Какая-то смешная получается жизнь, размышлял я, лежа у костра, в минуты мимолетной ясности: сначала военное училище и Афган, мелкая пыль в глазах и на зубах; сотрясающая тело, анестезирующая пулеметная дробь, которая охватывает пылающую голову, и уже ничего не слышишь и не понимаешь; незадумчивость и равнодушие, животный ужас за сына, затем университет и изучение всех этих древностей, затем еще множество случайных людей и занятий, а теперь и вовсе – ложась спать в воскресенье, не знаешь, чем будешь заниматься в понедельник. И надо ли вообще чем-нибудь заниматься? Очевидно, думалось мне, я человек, хронически не умеющий жить, безотрывно и с удивлением смотрящий на других людей и в книги с целью все же научиться этому делу, но так ничему и не научающийся. Все встречи с друзьями и недругами, все разговоры ни о чем и философствования о чем-то важном, все пьяные дебоши, все яблоки, все золотые шары, все мысли веков, все мечты, все миры вносили только тревогу, но никак не объясняли мне, как жить завтра или на следующей неделе, как превозмогать отвращение к жизни и как понимать ее радость, чем вооружиться самому и вооружить своего маленького сына. Я заблудился, пройдя до середины. Я тонул. Все злей и свирепей дул ветер из степи.

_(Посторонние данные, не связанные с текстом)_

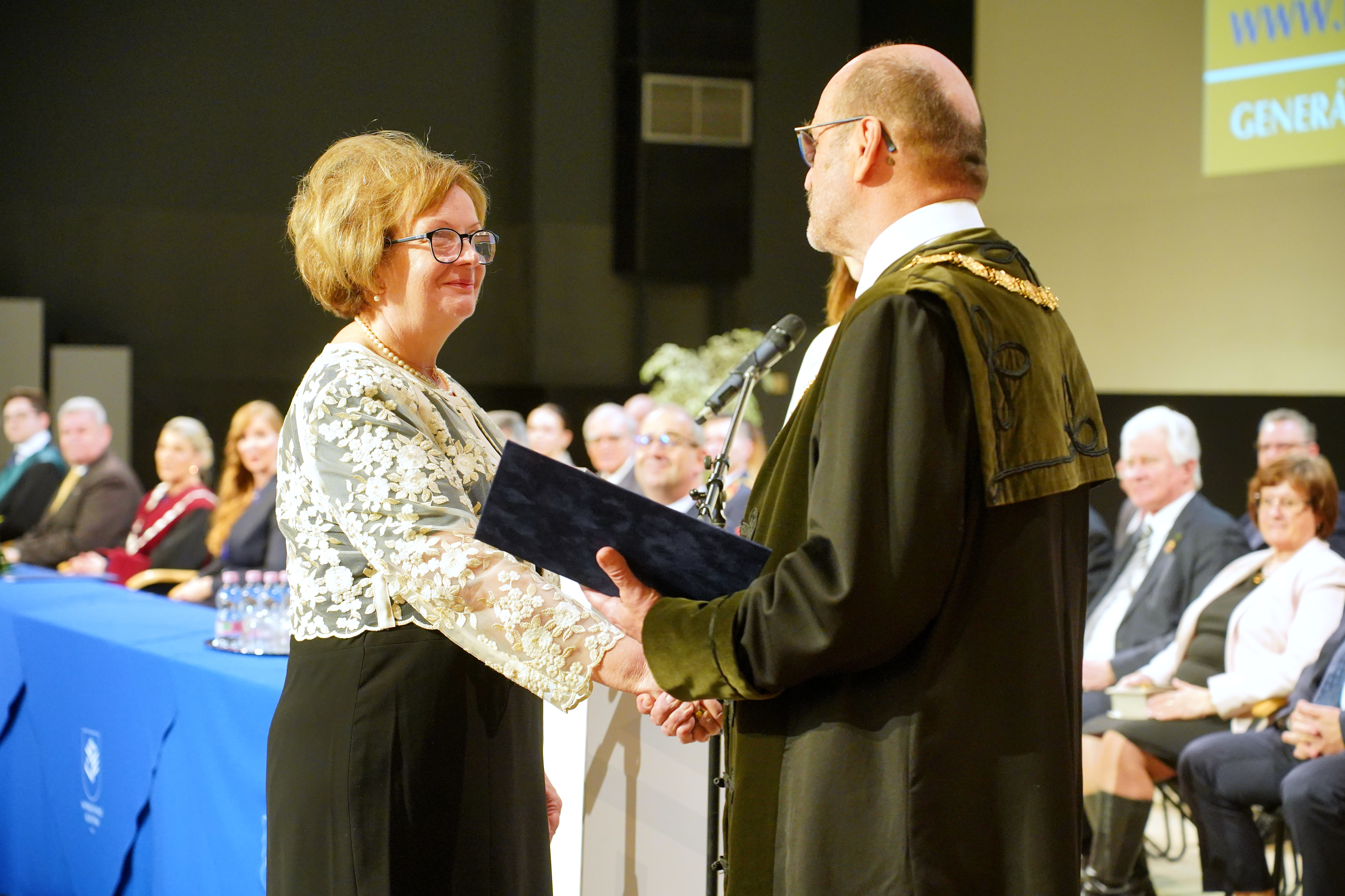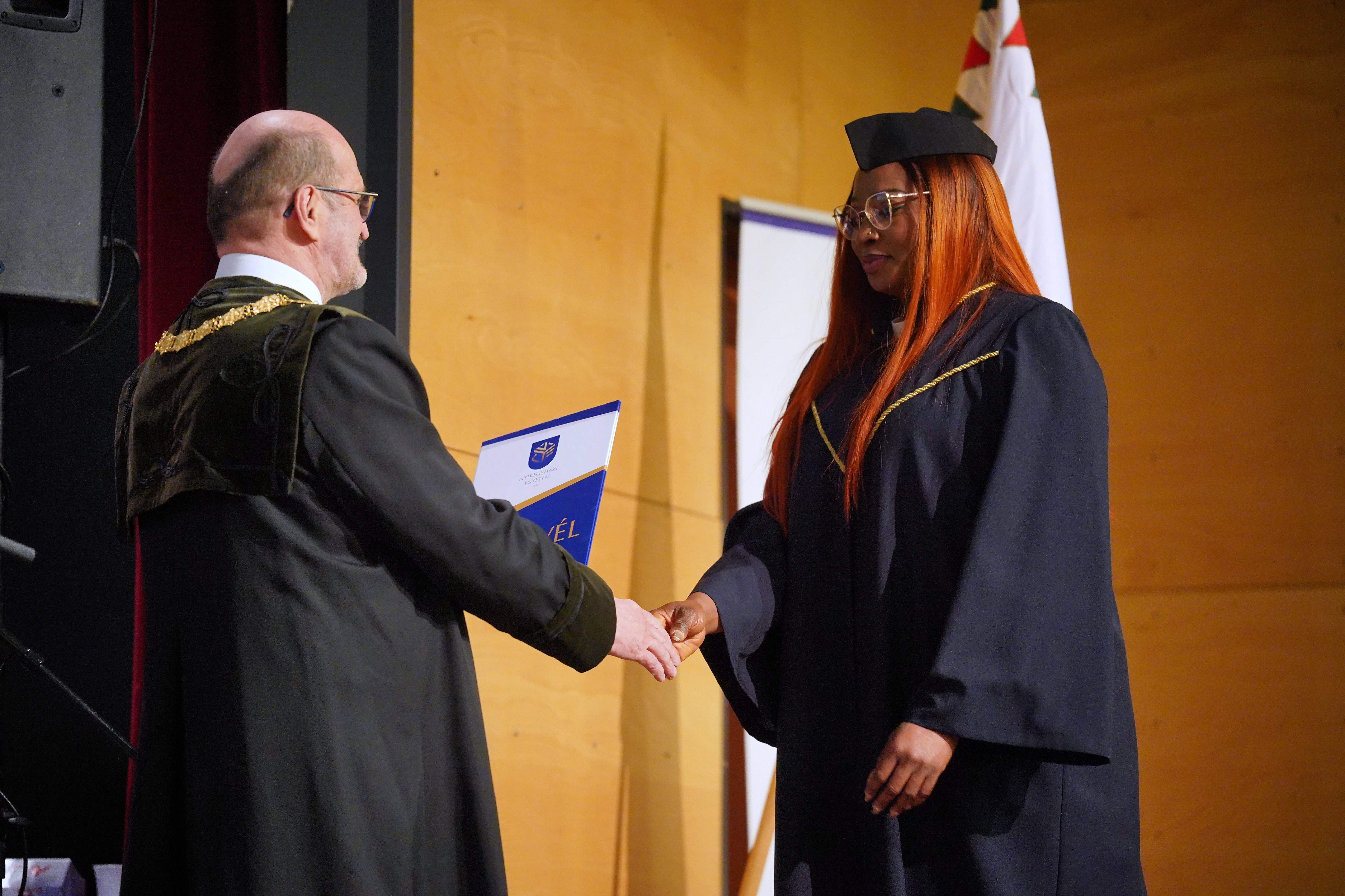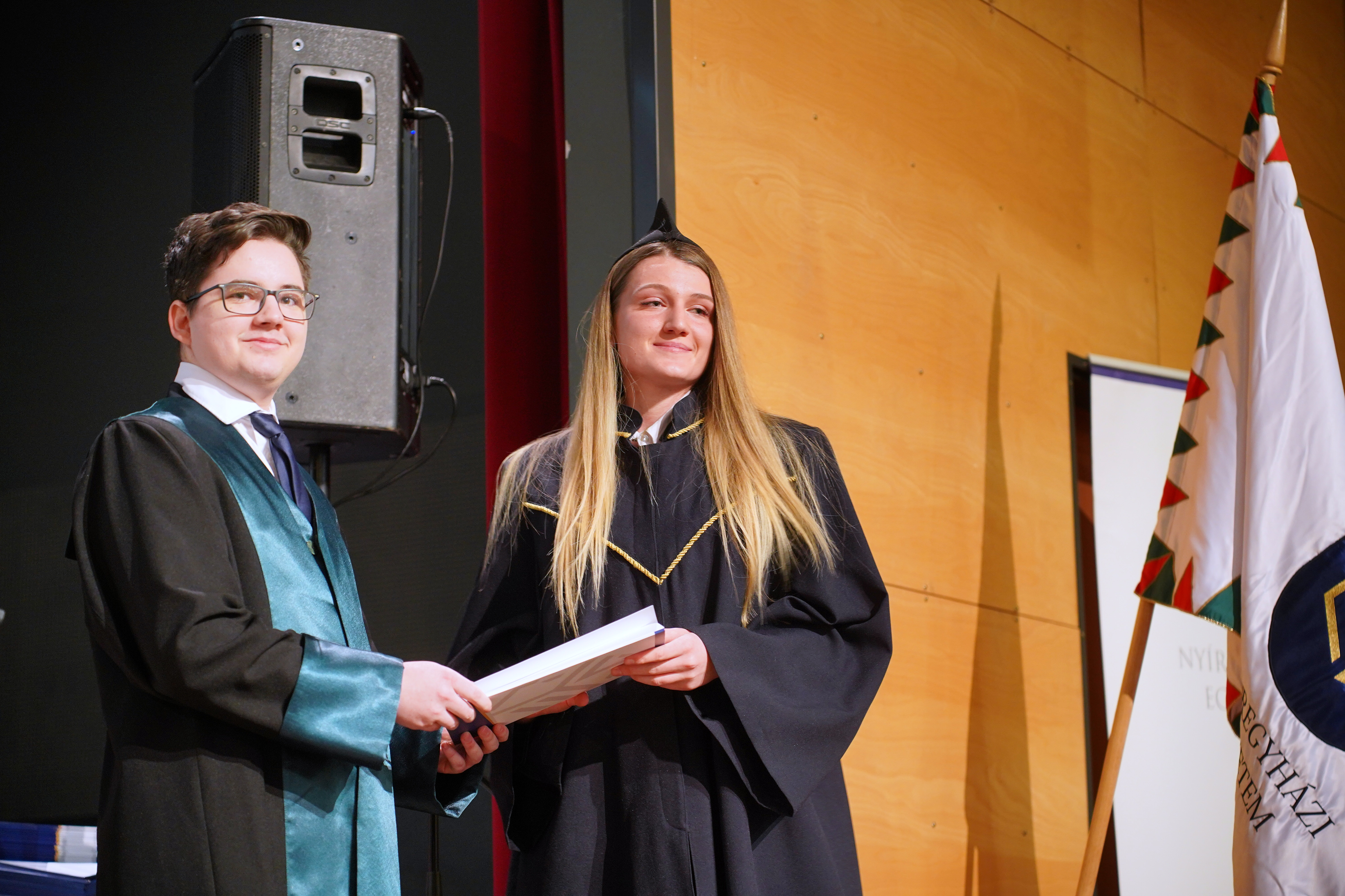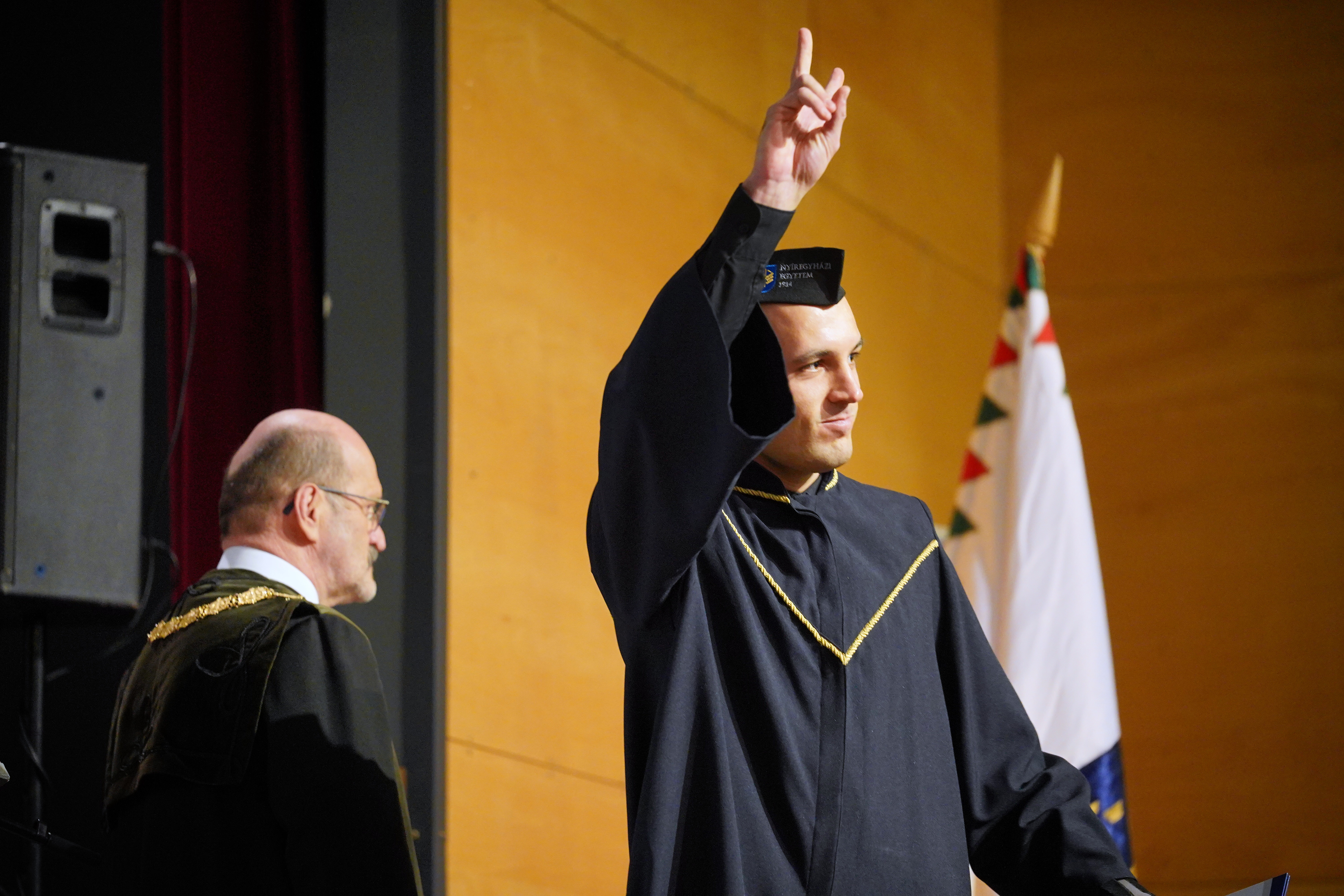 A beszédeket követően a 185 végzett hallgató ünnepélyes keretek között dr. Szabó György rektortól vehette át oklevelét.

Если бы еще я был человеком слабым, впадающим в отчаяние, в хандру, не способным поставить цель и добиться ее, тогда бы эти несвязные разрозненные события, составляющие мою жизнь, поддавались бы интерпретации как целое, имели бы причину или объяснение. Но нет же, меня всегда – и в армии, и в университете, и в опасных ситуациях, и когда требовалось долговременное терпенье и мужество – отличали сильная воля, спокойствие и трезвость, умение не теряться и находить правильное решение. Я не злопамятен и не брюзга, легко сдруживаюсь с людьми, не делаю подлостей, отдаю долги, не имею явных физических недостатков и психических отклонений, пользуюсь успехом у женщин и не злоупотребляю этим, не увиливаю от ответственности. Словом, я обладаю всеми теми качествами, которые, если верить многочисленным западным учебникам психологии, должны принести мне успех и процветание, и уж во всяком случае – ощущение комфорта и уверенность в будущем. Но этого не было.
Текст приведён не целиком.